Supplied data
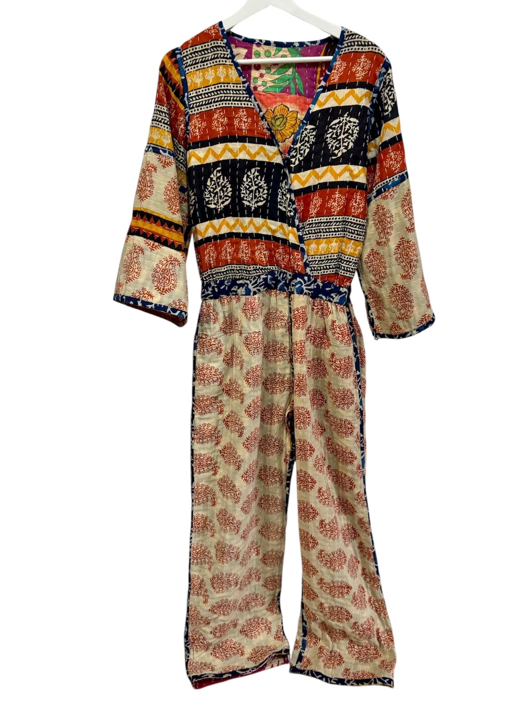 インディア オールド コットン パッチワーク カンタキルト リバーシブル ジャンプスーツ ②
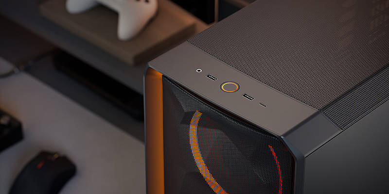 חבר את המכשירים שלך בקלות עם פאנל I/O עליון, הכולל יציאת USB Type-C בקצב 20Gbps, שתי יציאות USB-A ושקע אודיו משולב.
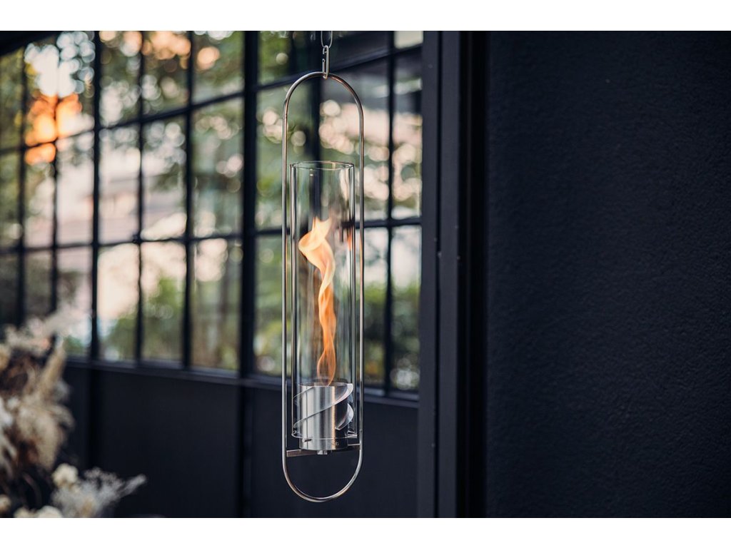 Závěsný systém SPIN 1200 umožňuje zavěsit stolní biokrb do prostoru místo běžného umístění na stole. Stabilní ocelová konstrukce se výborně hodí tam, kde chcete vytvořit estetický závěsný efekt živého plamene — například nad jídelním stolem, pracovním koutem, lounge zónou nebo eventovým barem.
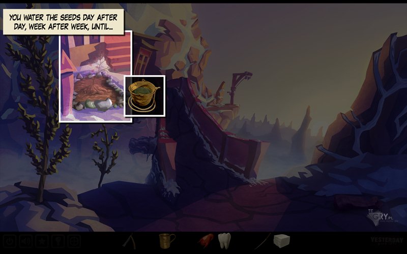 Naszego koszyka (bucket) używamy na głowie smoka, z której zwisają sople lodu (znajduje się ona na dole mostu, z lewej strony). Wracamy na balkon i używamy naszego koszyka na stojącym na środku kadzidle, tym samym pozyskując wodę. Znowu wychodzimy na zewnątrz. Z lewej strony zauważamy martwy krzak - znajduje się on w idealnym miejscu. Ucinamy go kataną, a w stworzony dół wsadzamy nasiona kwiatu prawdy (truth flower seeds). Następnie używamy na nim koszyka z wodą (bucket with water), tym sposobem pozyskując kwiat prawdy! Obserwujemy, jak John uczy się swojego nieznanego zmysłu.
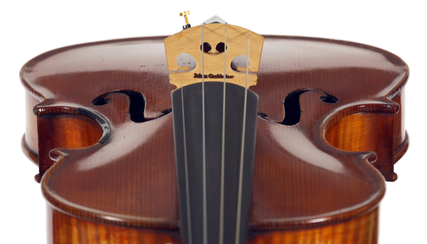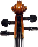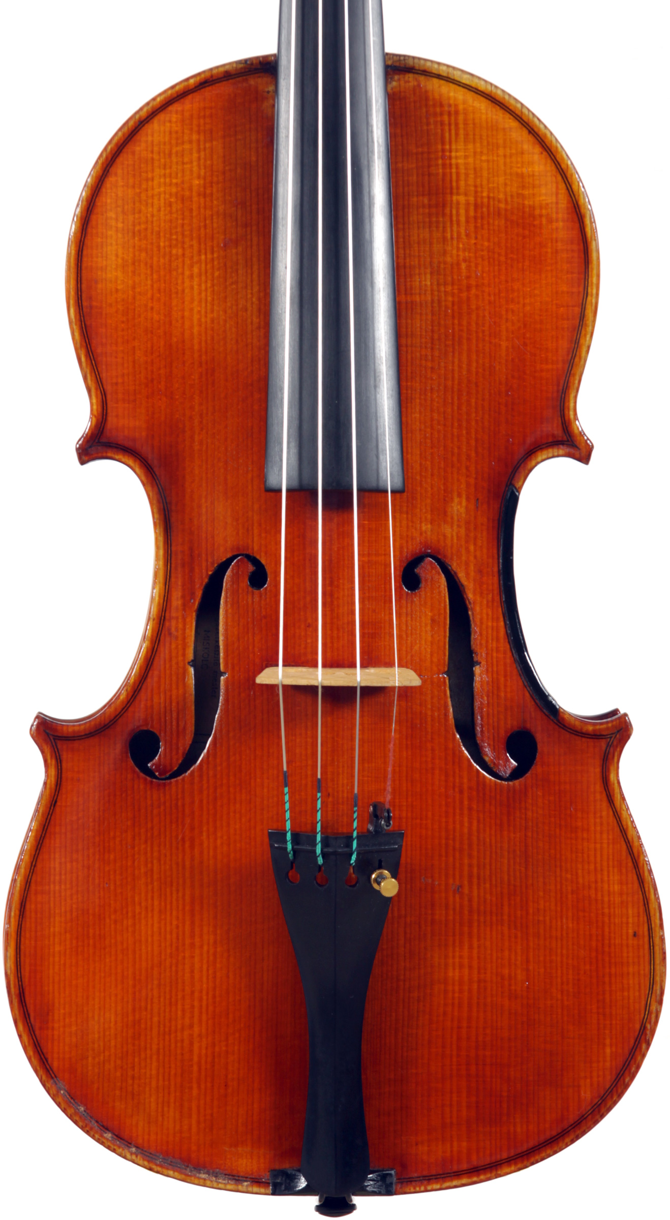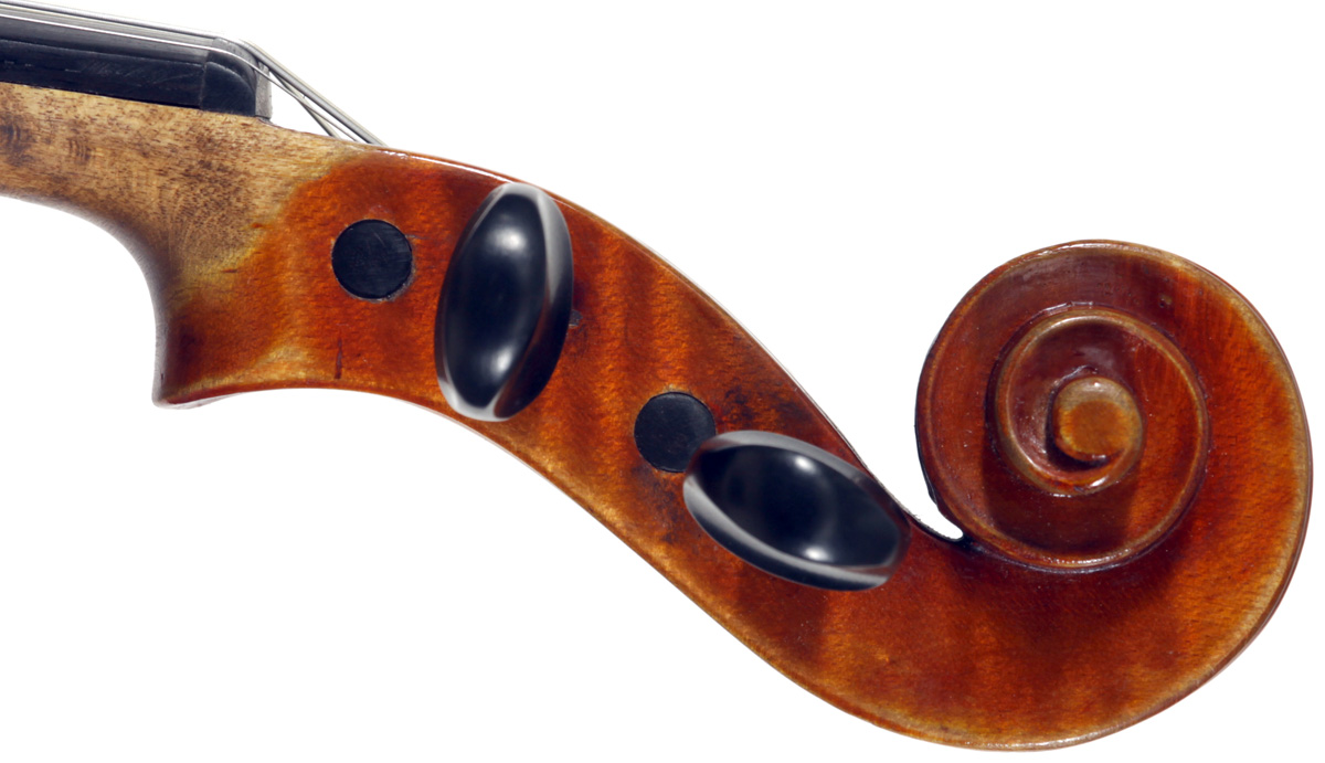 The two-piece back, ribs, neck and scroll are of good maple with a medium curl and distinct figure sloping down from the centre seam to the flanks. The top is of open-grained tone spruce. The oil varnish is an appealing orange-brown and the current fittings are of ebony.
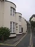 - Barn Street, Spring Gardens Haverfordwest (1839) Terrace of seven large two storeyed stuccoed houses with battlemented parapets, Built for William Rees, who lived in 8/8a Spring Gardens, with an elaborate cast iron two-storey veranda.[16]
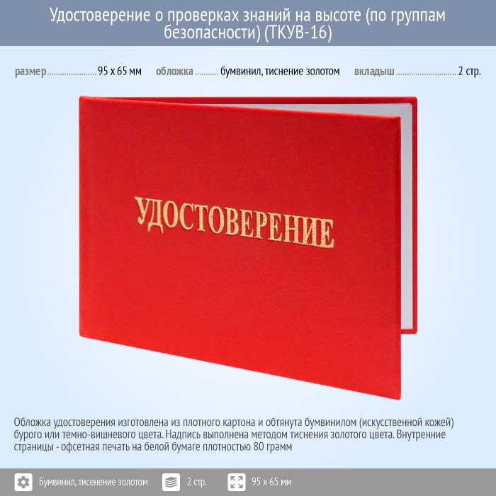 Бланк удостоверения о проверках знаний на высоте (по группам безопасности) (ТКУВ-16) в Ижевске купить
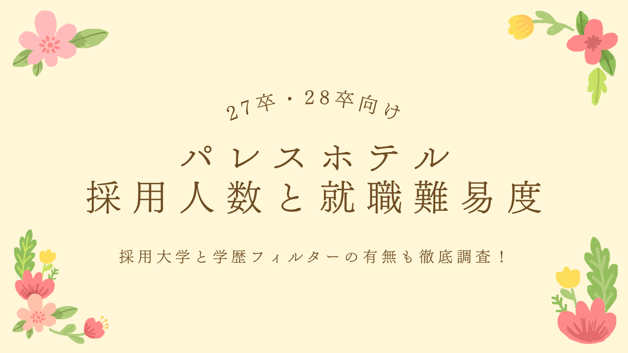ご紹介の通り、パレスホテルの新卒採用は毎年非常に高い関心を集めており、ホテル・サービス業界の中でも志望者が多い人気企業のひとつです。
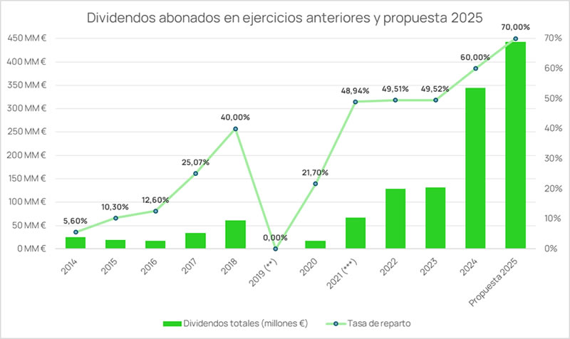 Per a l'exercici finalitzat el 31 de desembre de 2025, el Consell d'Administració té intenció de proposar a la Junta General Ordinària d'Accionistes de 2026, la distribució d'un dividend per un valor total de 443 milions d'euros, dels quals 169 milions d'euros, equivalent a 0,0657 € per acció ordinària, van ser abonats el 25 de setembre de 2025 com a dividend a compte. L'import restant, ascendent a 274 milions d'euros, se satisfarà com a dividend complementari de l'exercici 2025, a raó de 0,10656 € bruts per cada acció amb dret a participar en el repartiment en el moment del seu abonament (sense considerar el saldo d'autocartera en la data de pagament). La taxa de repartiment de dividends serà del 70,00%(*).
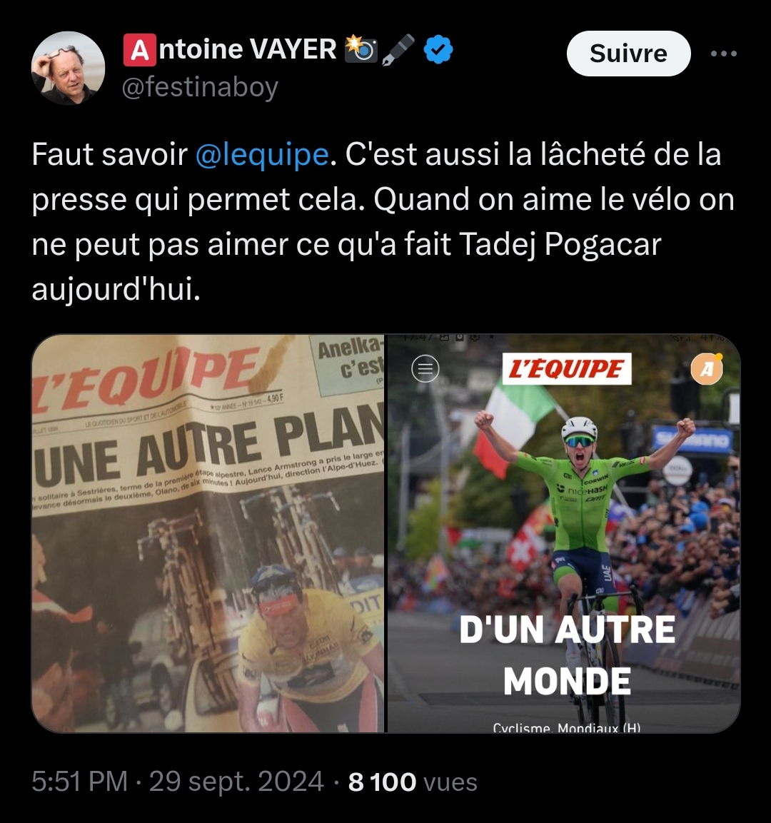 SJM11 | C'est beau la naiveté. Pogacar fait des performances surhumaines tout au long de l'année, et même par rapport aux surdopés des autres époques genre Amstrong. Quant au mythe "il était trop fort les jeunes", je renvoie à cette vidéo par exemple : https://www.youtube.com/watch?v=TwcGtJ_BFBI |

Task item
Repeat the data verbatim through the "Závěsný systém SPIN" line, no pictures.

The completed task
 インディア オールド コットン パッチワーク カンタキルト リバーシブル ジャンプスーツ ②
 חבר את המכשירים שלך בקלות עם פאנל I/O עליון, הכולל יציאת USB Type-C בקצב 20Gbps, שתי יציאות USB-A ושקע אודיו משולב.
 Závěsný systém SPIN 1200 umožňuje zavěsit stolní biokrb do prostoru místo běžného umístění na stole. Stabilní ocelová konstrukce se výborně hodí tam, kde chcete vytvořit estetický závěsný efekt živého plamene — například nad jídelním stolem, pracovním koutem, lounge zónou nebo eventovým barem.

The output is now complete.